* _INSTRUCTIONS TO FOLLOW_
Transcribe all of the data exactly. Images stay out.

* _GIVEN INFORMATION_

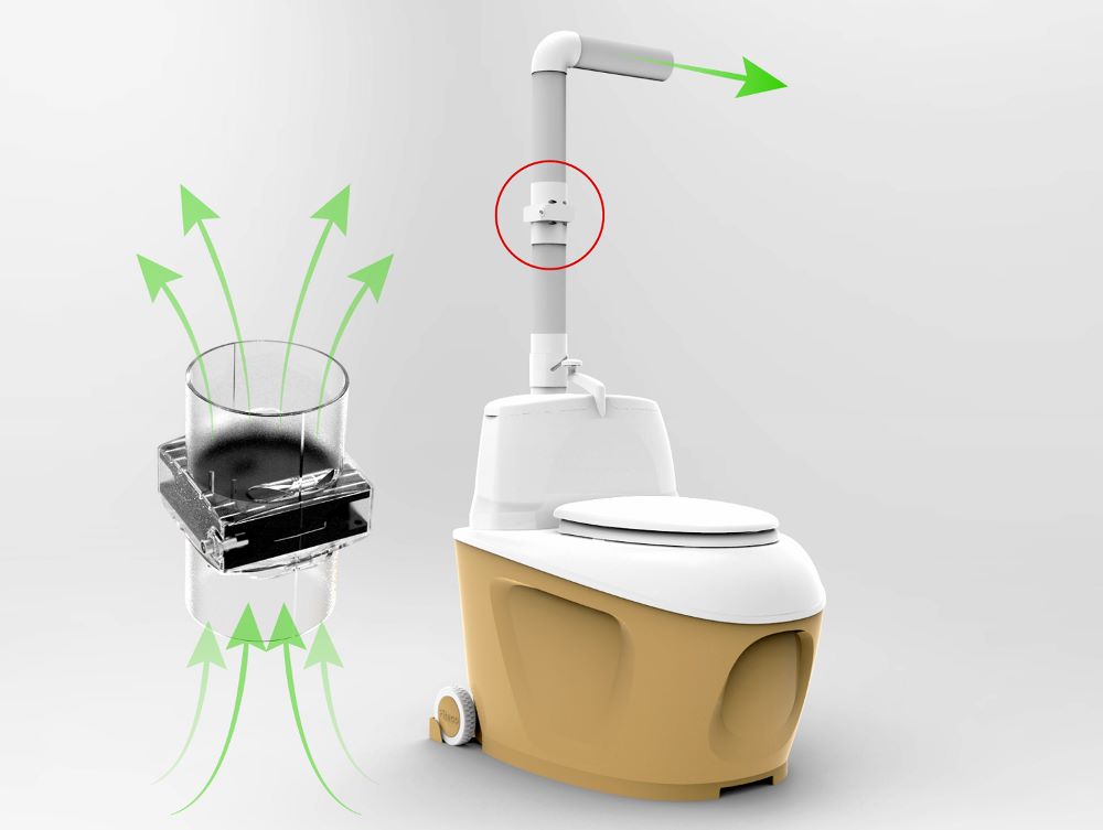После установки туалета все действия, связанные с его обслуживанием, не потребуют двигать туалет с места на место, отсоединять вентиляционный стояк или дренажную трубу – достаточно будет только повернуть специальную муфту (адаптер) вытяжной трубы. Верхнюю часть туалета при этом снимать не обязательно. К месту опорожнения туалет передвигается на колёсах за переднюю ручку.
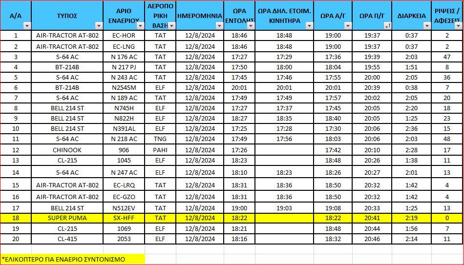 » Στις 12 Αυγούστου: 36 εναέρια μέσα (17 αεροσκάφη και 19 ελικόπτερα)
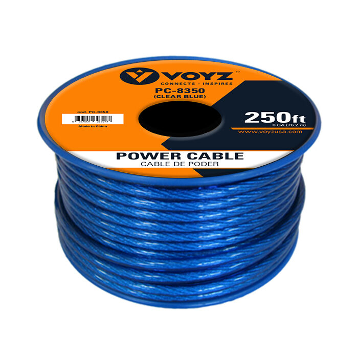 Upgrade your car audio system with our high-performance 8AWG Power Cable. With a substantial length of 250FT, this cable provides the flexibility and reach needed to connect car audio equipment to a power source effectively. Its clear blue design not only looks great but also complements your vehicle's aesthetics. Crafted from durable and oxygen-free PVC, this cable ensures reliable power transmission, allowing you to enjoy uninterrupted music on the road.
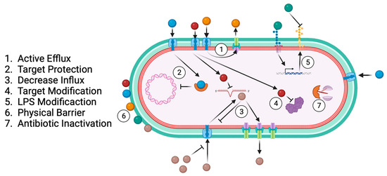 Antibiotic resistance results from bacterial specialisation across time and exposure to different drugs as a bacterial survival strategy [55,56,57]. The main antibiotic-resistance-associated mechanisms are active efflux, target protection, decreased influx, target modification, LPS modification, physical barrier, and antibiotic inactivation (Figure 4).

* _YOUR RESPONSE_
После установки туалета все действия, связанные с его обслуживанием, не потребуют двигать туалет с места на место, отсоединять вентиляционный стояк или дренажную трубу – достаточно будет только повернуть специальную муфту (адаптер) вытяжной трубы. Верхнюю часть туалета при этом снимать не обязательно. К месту опорожнения туалет передвигается на колёсах за переднюю ручку.
 » Στις 12 Αυγούστου: 36 εναέρια μέσα (17 αεροσκάφη και 19 ελικόπτερα)
 Upgrade your car audio system with our high-performance 8AWG Power Cable. With a substantial length of 250FT, this cable provides the flexibility and reach needed to connect car audio equipment to a power source effectively. Its clear blue design not only looks great but also complements your vehicle's aesthetics. Crafted from durable and oxygen-free PVC, this cable ensures reliable power transmission, allowing you to enjoy uninterrupted music on the road.
 Antibiotic resistance results from bacterial specialisation across time and exposure to different drugs as a bacterial survival strategy [55,56,57]. The main antibiotic-resistance-associated mechanisms are active efflux, target protection, decreased influx, target modification, LPS modification, physical barrier, and antibiotic inactivation (Figure 4).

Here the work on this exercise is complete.